To be quite honest, I haven't read any Ultramarines from Graham, but his series feels so milked right now. It's almost like I want to tell him "Stop it with this single Chapter and move on to other projects!" I know he can write other interesting stories.


----------



## Vitarus

csw said:


> Probably that rumored Horus Heresy graphic novel about the Ultramarines flagship chasing down the Word Bearers ship Kor Phaeron used to escape from Calth.


Heh. You may be right.


----------



## forkmaster

*Day 21!* Advent Day Twenty One - Lucius: The Eternal Blade!









_The Story: Renowned as one of the finest duelists the galaxy has ever known, Lucius seeks ever greater challenges against which to test himself. After the Emperor's Children Legion scattered in the wake of their primarch's apotheosis on Iydris, he finds his way into the domain of a similarly legendary swordsman - Sanakht of the Thousand Sons. But which of these infamous warriors carries the greater favour amongst their new masters?_

Ooooh this one I'm highly interested about. It's post-Angel Exterminatus.


----------



## Child-of-the-Emperor

There seems to be a mix-up with the title. It's meant to be _Lucius: The Eternal Blade_ rather _The Eternal Blademaster_.

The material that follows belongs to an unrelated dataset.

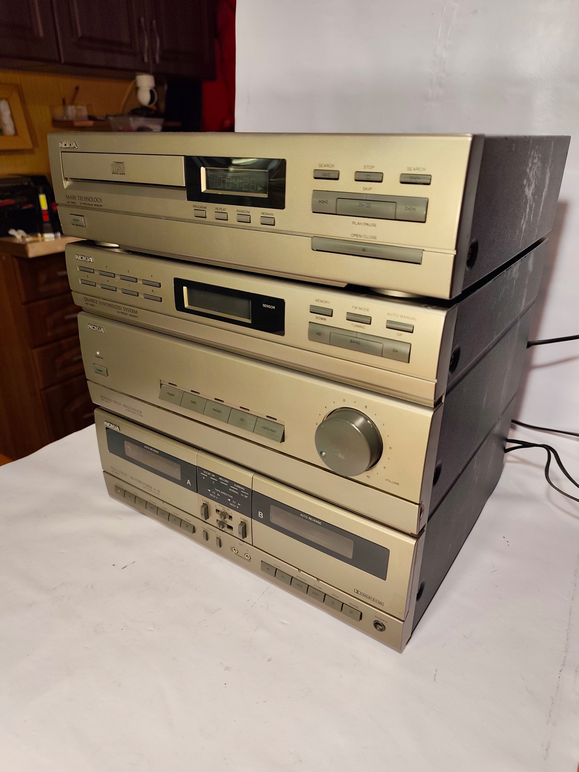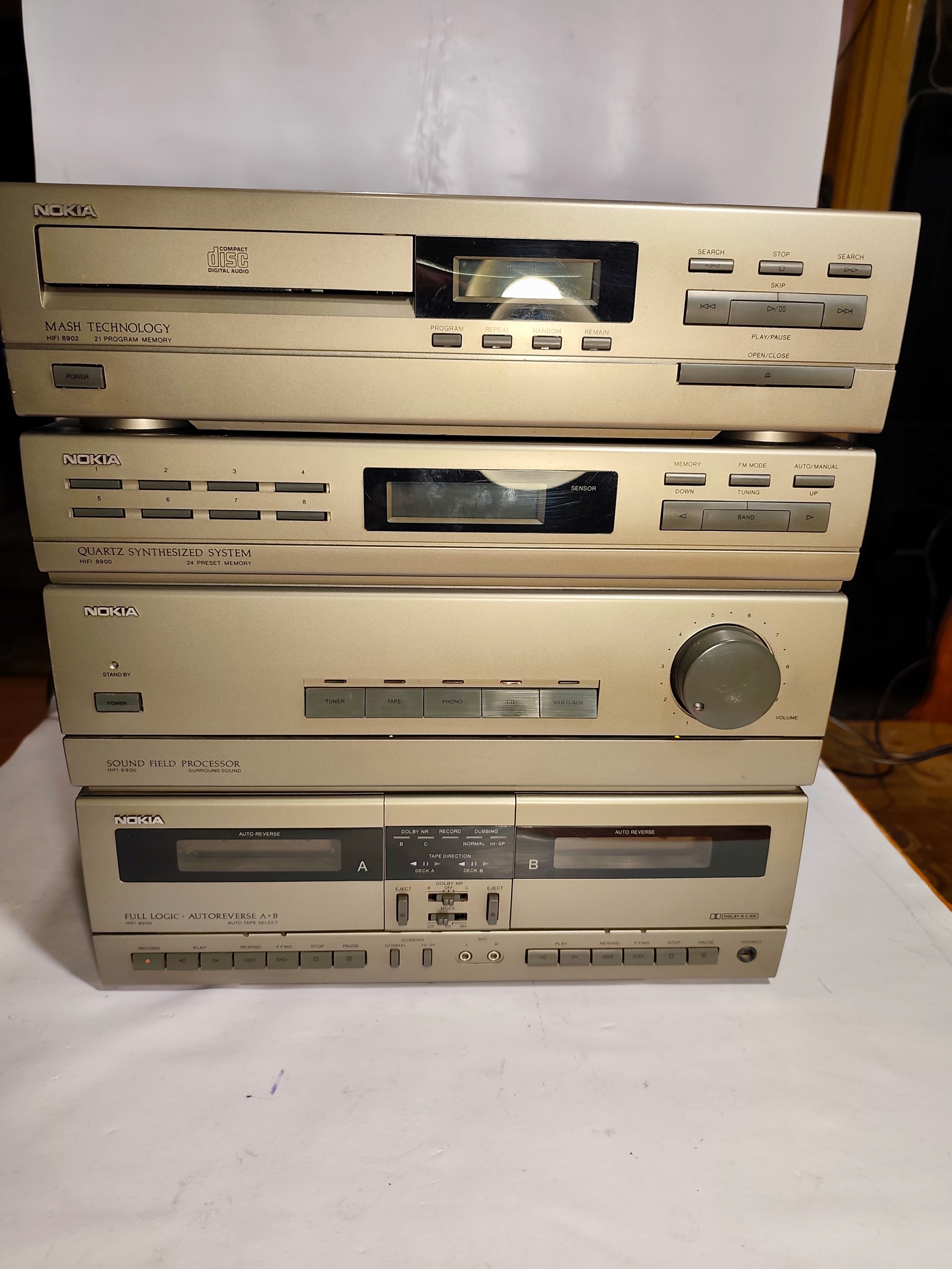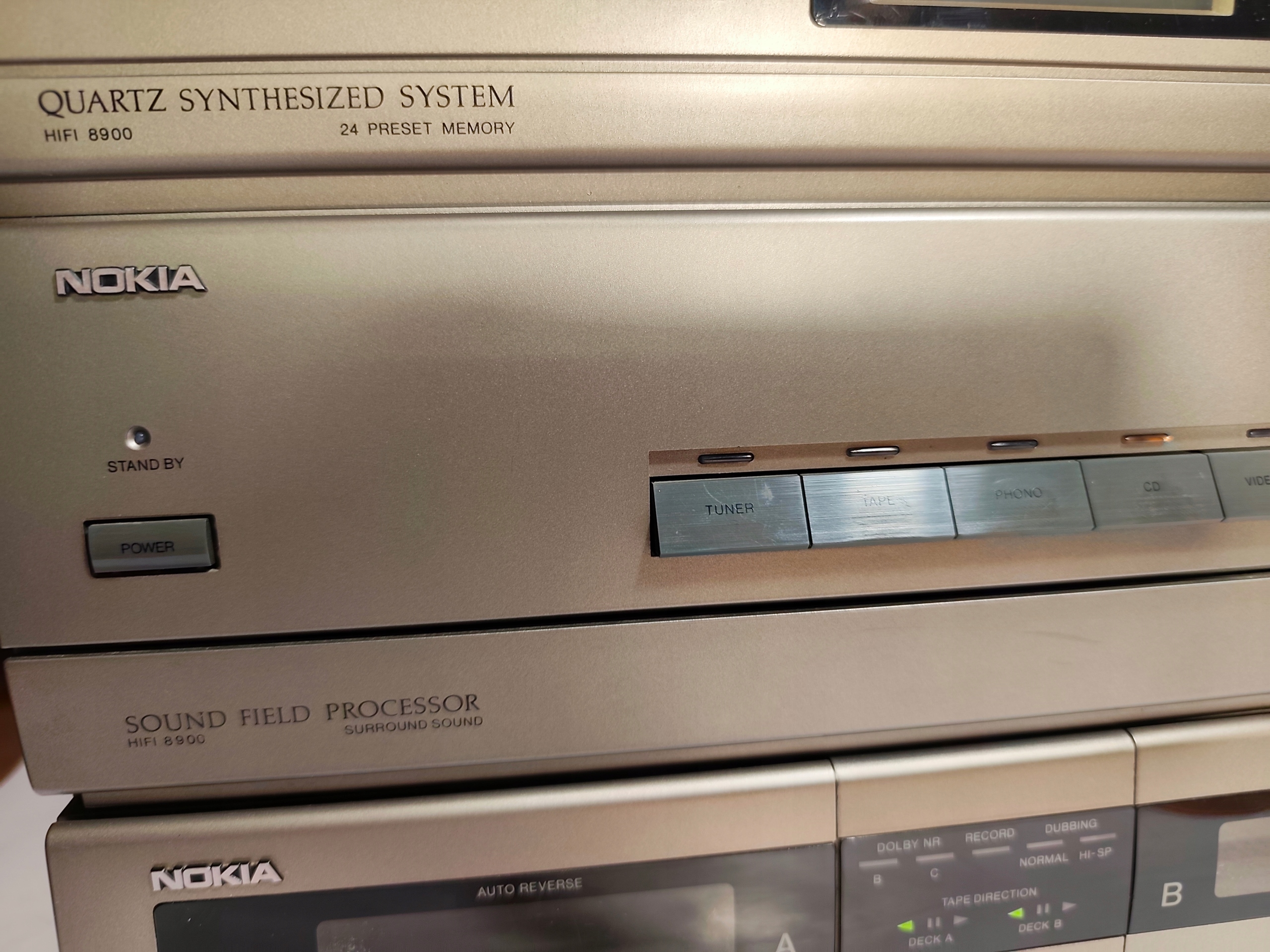 Pierwsza część to wzmacniacz, tuner radiowy i magnetofon kasetowy zespolone razem ,,NOKIA HI-FI 8900,,.

Anyway, I've just listened to it. It was okay. 


It reveals what happened immediately after _Angel Exterminatus_. The Emperor's Children splintered following Fulgrim's apotheosis, and "some" followed the Primarch to answer the summons of the Warmaster, whilst others seized Legion ships and struck out on their own. 

The plot takes place on the Planet of the Sorcerers where Lucius is seeking out other great blademasters to test and redeem himself against after his defeat at the hands of Sharrowkyn. He confronts and duels the Thousand Son Sanakht, whom he beats and almost kills - Ahriman stepping in and saving Sanakht's life claiming that he will need him soon (presumably something to do with the Rubric).

And that's about it.


----------



## Phoebus

So...



... the Night Lords "division" angle is being used with the Emperor's Children?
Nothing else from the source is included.